Excluding pictures, what does the listing below contain from the line with "经市人民政府同意,现将省人力" up to and including the line with "ProtekShun (protection) is", word for word?

--- Record extracts Enclosed Below ---

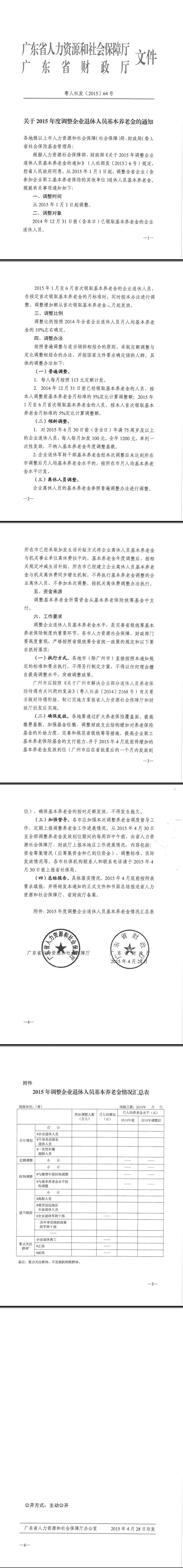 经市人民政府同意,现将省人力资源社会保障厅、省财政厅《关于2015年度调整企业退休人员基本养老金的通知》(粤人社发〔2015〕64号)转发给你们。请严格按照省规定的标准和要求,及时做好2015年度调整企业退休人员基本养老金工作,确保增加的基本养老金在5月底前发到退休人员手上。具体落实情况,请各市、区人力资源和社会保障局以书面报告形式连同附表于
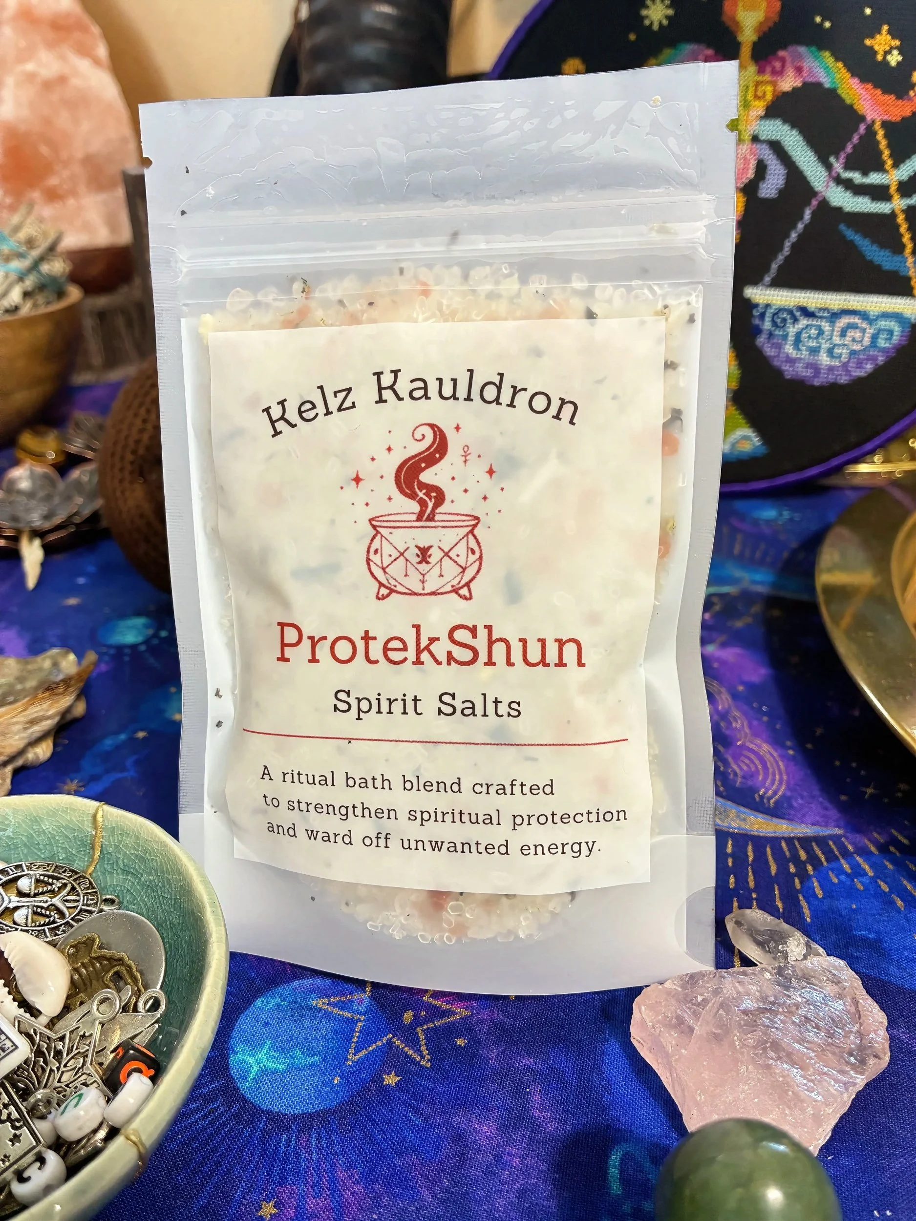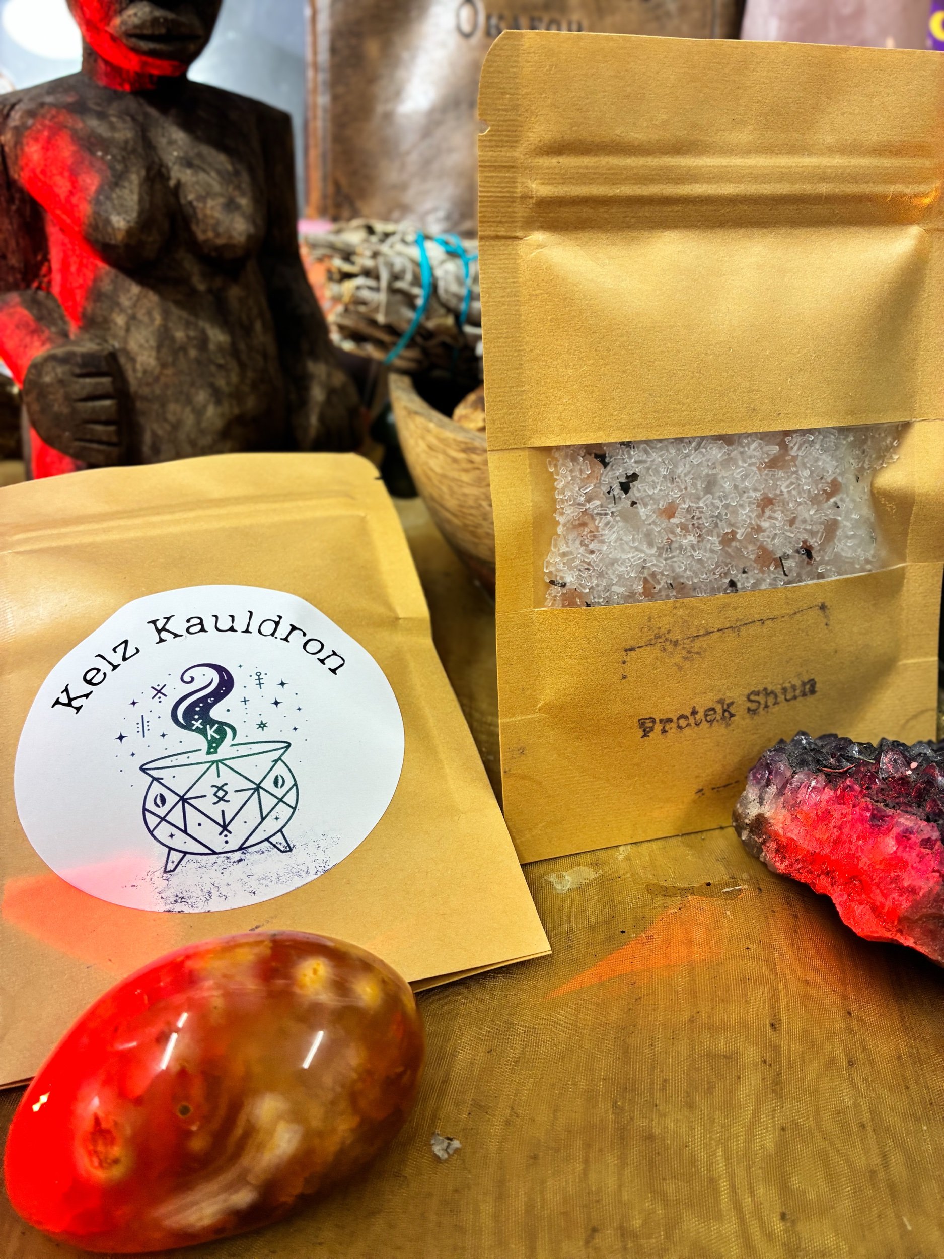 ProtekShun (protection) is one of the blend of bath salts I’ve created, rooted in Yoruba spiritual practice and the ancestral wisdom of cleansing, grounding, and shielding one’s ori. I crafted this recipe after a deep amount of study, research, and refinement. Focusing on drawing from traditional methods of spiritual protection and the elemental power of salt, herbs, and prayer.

--- End of Enclosed Record extracts ---
--- Record extracts Enclosed Below ---

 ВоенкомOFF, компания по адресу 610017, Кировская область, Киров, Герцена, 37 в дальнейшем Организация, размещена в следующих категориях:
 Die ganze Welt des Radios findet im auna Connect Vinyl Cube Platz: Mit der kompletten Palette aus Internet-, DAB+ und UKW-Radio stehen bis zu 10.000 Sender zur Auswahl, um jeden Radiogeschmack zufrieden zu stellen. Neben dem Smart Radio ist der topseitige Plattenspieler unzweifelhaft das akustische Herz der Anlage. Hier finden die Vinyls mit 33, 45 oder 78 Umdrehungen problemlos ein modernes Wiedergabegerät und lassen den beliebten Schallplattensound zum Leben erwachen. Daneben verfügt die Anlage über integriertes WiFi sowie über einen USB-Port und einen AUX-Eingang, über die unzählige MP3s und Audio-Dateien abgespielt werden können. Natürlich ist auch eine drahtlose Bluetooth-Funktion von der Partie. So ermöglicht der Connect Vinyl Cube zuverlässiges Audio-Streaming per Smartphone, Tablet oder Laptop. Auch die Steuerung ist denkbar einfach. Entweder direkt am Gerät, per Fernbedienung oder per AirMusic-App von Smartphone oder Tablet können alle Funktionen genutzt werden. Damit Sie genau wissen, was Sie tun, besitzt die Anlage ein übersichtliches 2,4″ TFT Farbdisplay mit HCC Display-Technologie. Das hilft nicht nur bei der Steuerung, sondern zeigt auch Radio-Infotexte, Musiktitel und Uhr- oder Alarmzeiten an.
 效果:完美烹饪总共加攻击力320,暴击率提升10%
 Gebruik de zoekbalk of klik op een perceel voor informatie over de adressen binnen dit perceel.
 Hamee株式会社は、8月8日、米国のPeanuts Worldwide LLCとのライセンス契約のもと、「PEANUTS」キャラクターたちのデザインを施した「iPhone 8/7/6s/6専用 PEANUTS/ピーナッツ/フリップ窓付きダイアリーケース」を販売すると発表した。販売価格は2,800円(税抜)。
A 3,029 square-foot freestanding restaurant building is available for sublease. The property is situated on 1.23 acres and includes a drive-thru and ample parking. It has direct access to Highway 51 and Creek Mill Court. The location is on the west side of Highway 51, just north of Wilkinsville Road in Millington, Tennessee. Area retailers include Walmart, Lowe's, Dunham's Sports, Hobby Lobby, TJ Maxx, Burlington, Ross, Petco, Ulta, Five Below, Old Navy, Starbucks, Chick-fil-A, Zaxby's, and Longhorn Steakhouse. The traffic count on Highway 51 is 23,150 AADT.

--- End of Enclosed Record extracts ---

**Your response**
 经市人民政府同意,现将省人力资源社会保障厅、省财政厅《关于2015年度调整企业退休人员基本养老金的通知》(粤人社发〔2015〕64号)转发给你们。请严格按照省规定的标准和要求,及时做好2015年度调整企业退休人员基本养老金工作,确保增加的基本养老金在5月底前发到退休人员手上。具体落实情况,请各市、区人力资源和社会保障局以书面报告形式连同附表于
 ProtekShun (protection) is one of the blend of bath salts I’ve created, rooted in Yoruba spiritual practice and the ancestral wisdom of cleansing, grounding, and shielding one’s ori. I crafted this recipe after a deep amount of study, research, and refinement. Focusing on drawing from traditional methods of spiritual protection and the elemental power of salt, herbs, and prayer.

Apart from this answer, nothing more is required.